→ PROMPT: For this exercise, write each entry below out precisely and omit the pictures.

(Data items)
□ □ □ □

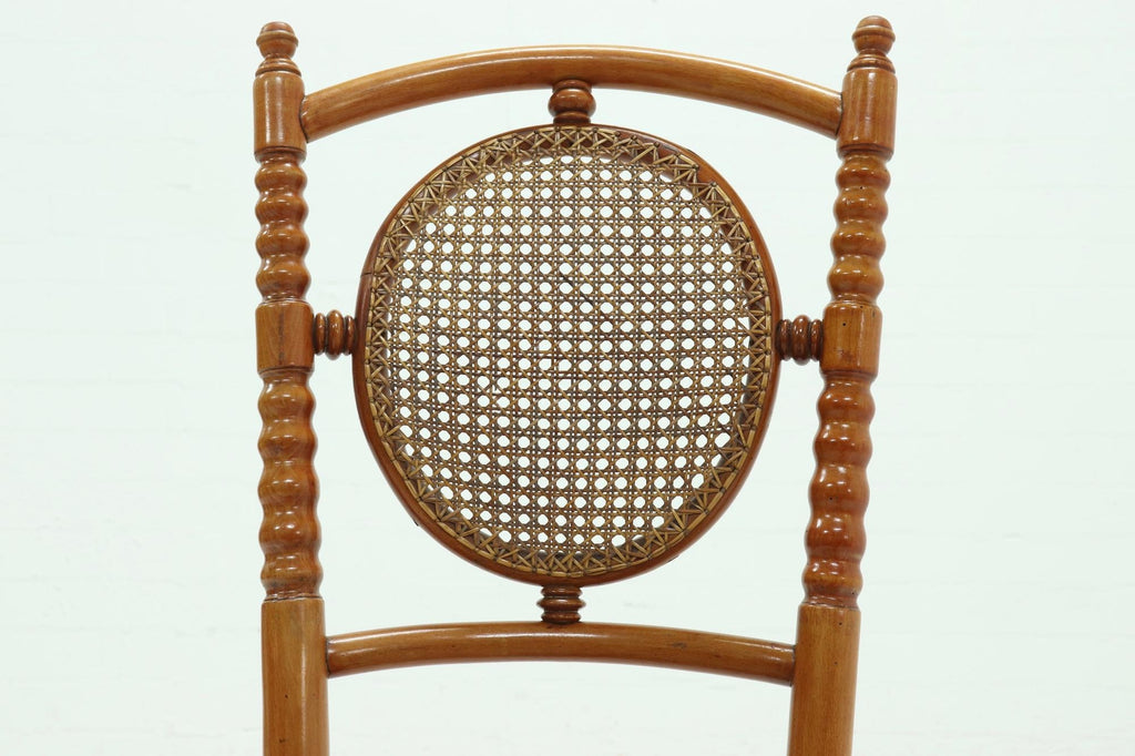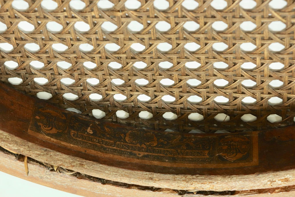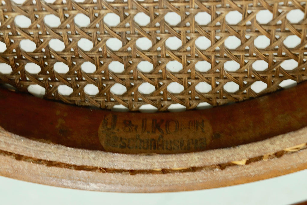 1900년대 오스트리아 가구 제조업체 Jacob & Josef Kohn의 앤티크 구부러진 나무 의자. 원래의 등나무 좌석과 등받이는 잘 보존되어 있으며 손상 없이 매우 좋은 상태를 유지하고 있습니다. 몇 가지 오래된 나무벌레의 흔적이 있습니다. 우리는 그것을 시간의 표시로 계속 볼 수 있도록 하기로 결정했습니다. 활동적인 나무벌레가 없습니다.
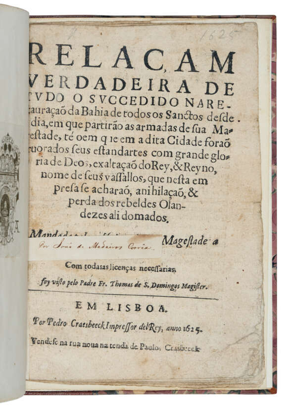 1. [CORRÊA, João de Medeiros (fl. 17th-century)]. Relaçam verdadeira de tudo succedido na restauraçaõ da Bahia. Lisbon: Pedro Crasbeeck, 1625.
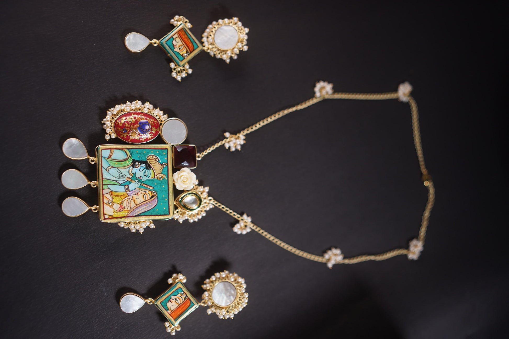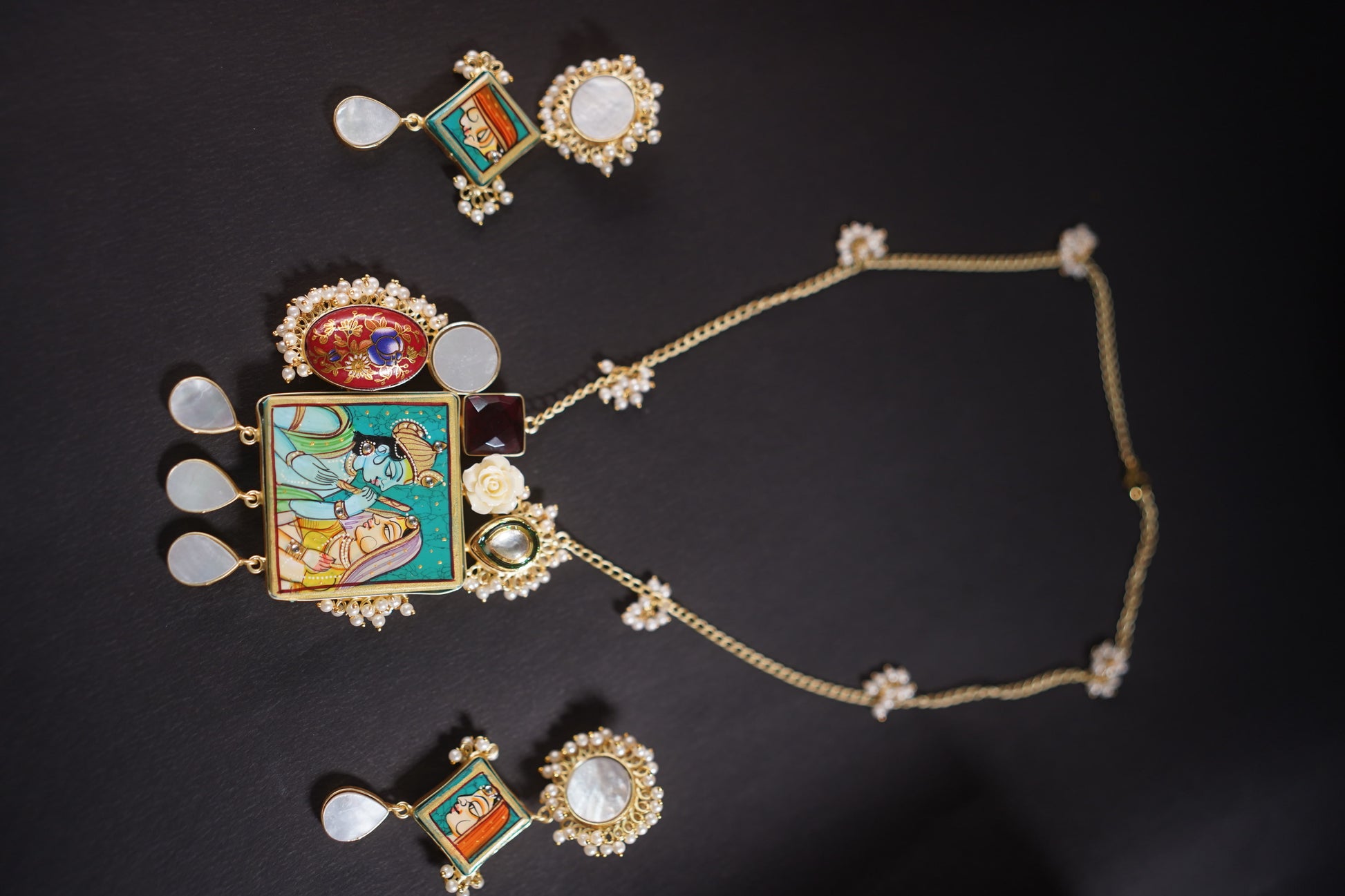 Step into a world where royal love stories are whispered through timeless art. The Roopkatha Handmade Necklace Set is a true testament to India’s rich artistic heritage, featuring intricate hand-painted portraits of a Radha and Krishna delicately encased within vintage-inspired frames.
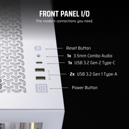 Az elülső panel USB 3.2 Gen 2 Type-C, két USB 3.2 Gen 1 Type-A portot, valamint kombinált audió és mikrofon bemenetet tartalmaz.
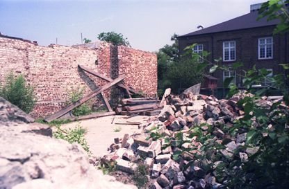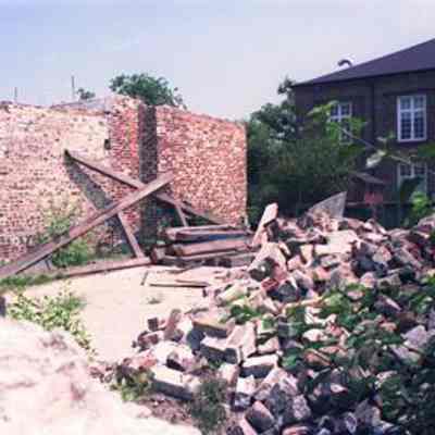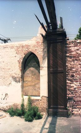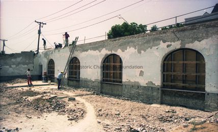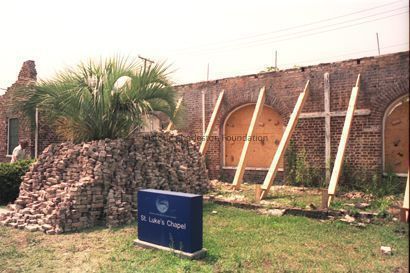 Seven color photographs showing repairs of the original brick walls at St. Luke's Chapel (~171 Ashley Avenue), originally St. Timothy's.Collection
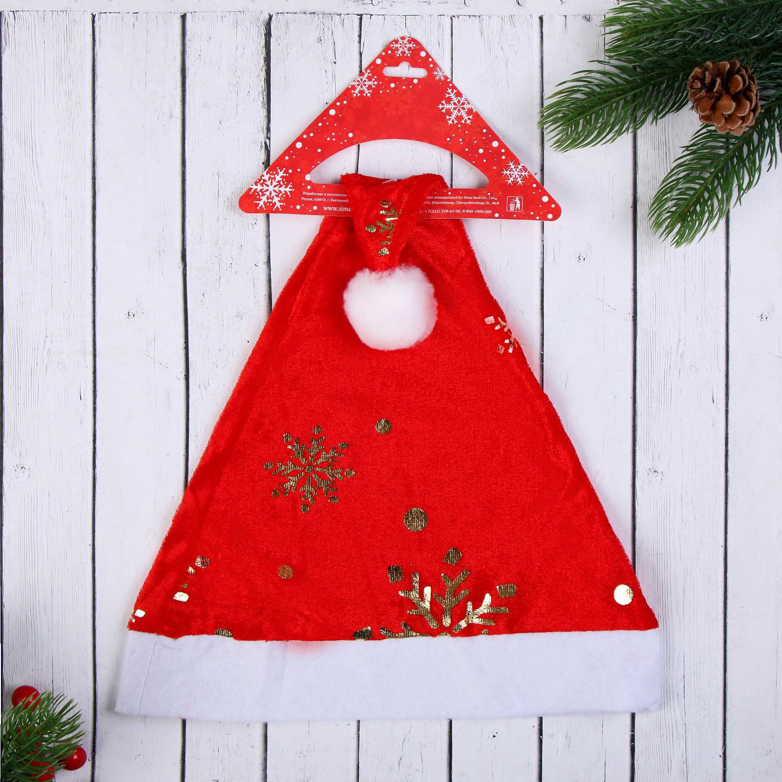 Колпак новогодний "Сияющие снежинки" 28x36 см, красный, 28x36 см., Зимнее волшебство, Китай
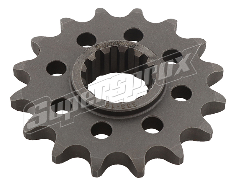 Pignon de sortie de boîte en acier SCM45 traité thermiquement, 16 dents pas 530, compatible notamment Honda CB1000R SC60 (2008–2016) pour une transmission plus durable et réactive.
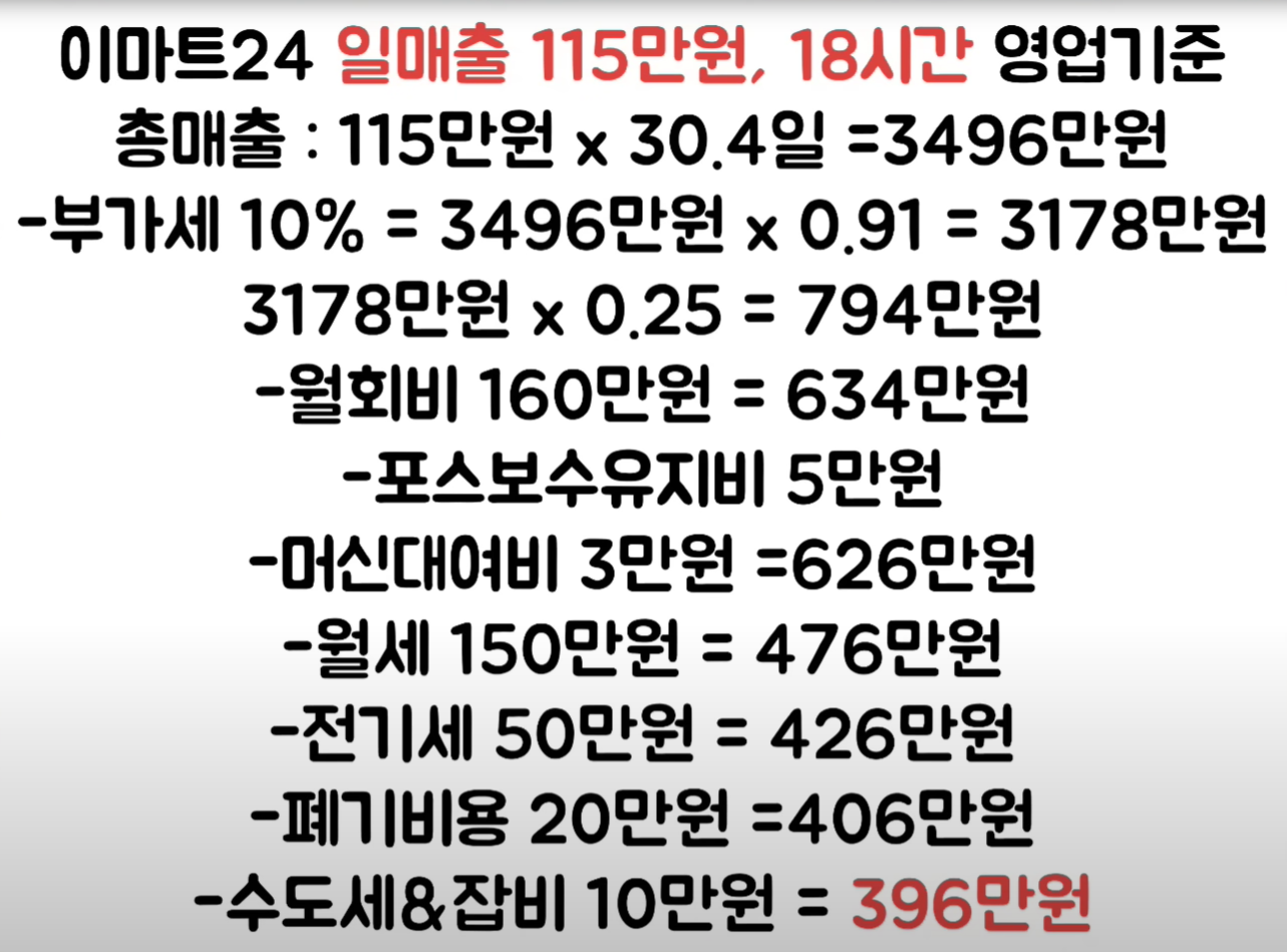 이마트 24는 GS25나 CU와는 달리 상품 마진율이 낮은 편입니다. 그리고 담배 비중이 높은 곳은 마진율이 더 떨어지게 됩니다. 이 기준으로 24~25% 정도면 이마트 24 창업 후 꽤 마진이 잘 나오는 운영에 속한다고 할 수 있습니다. 그럼 마진율 25%를 기준으로 세부계산을 해보겠습니다.
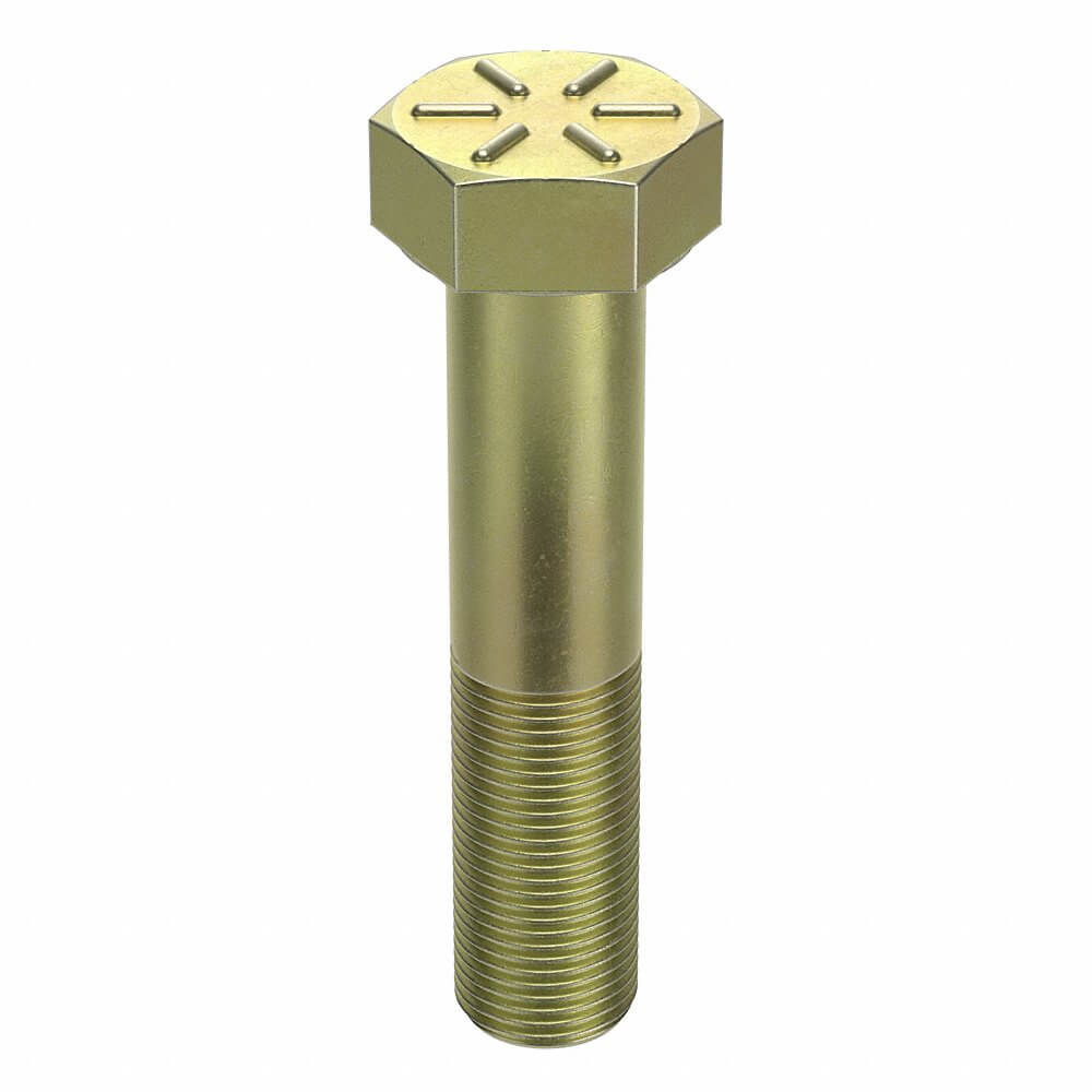 'Hex Head Cap Screw, System of Measurement Inch, Head Type Hex, Dia./Thread Size 5/8 In.-18, Thread Type UNF (Fine), Fastener Length 3-1/2 In., Min. Thread Length 1-1/2 In., Basic Material Steel, Screw Grade/Class Grade 8, Fastener Finish Zinc Yellow, Thread Style Partially Threaded, Thread Direction Right Hand, Head Height 25/64 In., Head Width 15/16 In., Temp. Range -58 Degrees to 302 Degrees F, Proof Load 120,000 psi, Screw Industry Standards ASME B18.2.1, Package Quantity 5'
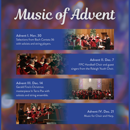 This will be a meaningful service for those who are grieving as well as anyone looking to experience the miracle of the incarnation in a beautiful time of worship. This service will be Monday, December 8, at 7pm. Email Laurie Taylor Weicher at lwiecher@fpcraleigh.org with any questions.
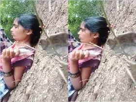 Boobs of the Indian village girl in hot scenes with lover on call.

□ □ □ □

→ FINAL ANSWER:
 1900년대 오스트리아 가구 제조업체 Jacob & Josef Kohn의 앤티크 구부러진 나무 의자. 원래의 등나무 좌석과 등받이는 잘 보존되어 있으며 손상 없이 매우 좋은 상태를 유지하고 있습니다. 몇 가지 오래된 나무벌레의 흔적이 있습니다. 우리는 그것을 시간의 표시로 계속 볼 수 있도록 하기로 결정했습니다. 활동적인 나무벌레가 없습니다.
 1. [CORRÊA, João de Medeiros (fl. 17th-century)]. Relaçam verdadeira de tudo succedido na restauraçaõ da Bahia. Lisbon: Pedro Crasbeeck, 1625.
 Step into a world where royal love stories are whispered through timeless art. The Roopkatha Handmade Necklace Set is a true testament to India’s rich artistic heritage, featuring intricate hand-painted portraits of a Radha and Krishna delicately encased within vintage-inspired frames.
 Az elülső panel USB 3.2 Gen 2 Type-C, két USB 3.2 Gen 1 Type-A portot, valamint kombinált audió és mikrofon bemenetet tartalmaz.
 Seven color photographs showing repairs of the original brick walls at St. Luke's Chapel (~171 Ashley Avenue), originally St. Timothy's.Collection
 Колпак новогодний "Сияющие снежинки" 28x36 см, красный, 28x36 см., Зимнее волшебство, Китай
 Pignon de sortie de boîte en acier SCM45 traité thermiquement, 16 dents pas 530, compatible notamment Honda CB1000R SC60 (2008–2016) pour une transmission plus durable et réactive.
 이마트 24는 GS25나 CU와는 달리 상품 마진율이 낮은 편입니다. 그리고 담배 비중이 높은 곳은 마진율이 더 떨어지게 됩니다. 이 기준으로 24~25% 정도면 이마트 24 창업 후 꽤 마진이 잘 나오는 운영에 속한다고 할 수 있습니다. 그럼 마진율 25%를 기준으로 세부계산을 해보겠습니다.
 'Hex Head Cap Screw, System of Measurement Inch, Head Type Hex, Dia./Thread Size 5/8 In.-18, Thread Type UNF (Fine), Fastener Length 3-1/2 In., Min. Thread Length 1-1/2 In., Basic Material Steel, Screw Grade/Class Grade 8, Fastener Finish Zinc Yellow, Thread Style Partially Threaded, Thread Direction Right Hand, Head Height 25/64 In., Head Width 15/16 In., Temp. Range -58 Degrees to 302 Degrees F, Proof Load 120,000 psi, Screw Industry Standards ASME B18.2.1, Package Quantity 5'
 This will be a meaningful service for those who are grieving as well as anyone looking to experience the miracle of the incarnation in a beautiful time of worship. This service will be Monday, December 8, at 7pm. Email Laurie Taylor Weicher at lwiecher@fpcraleigh.org with any questions.
 Boobs of the Indian village girl in hot scenes with lover on call.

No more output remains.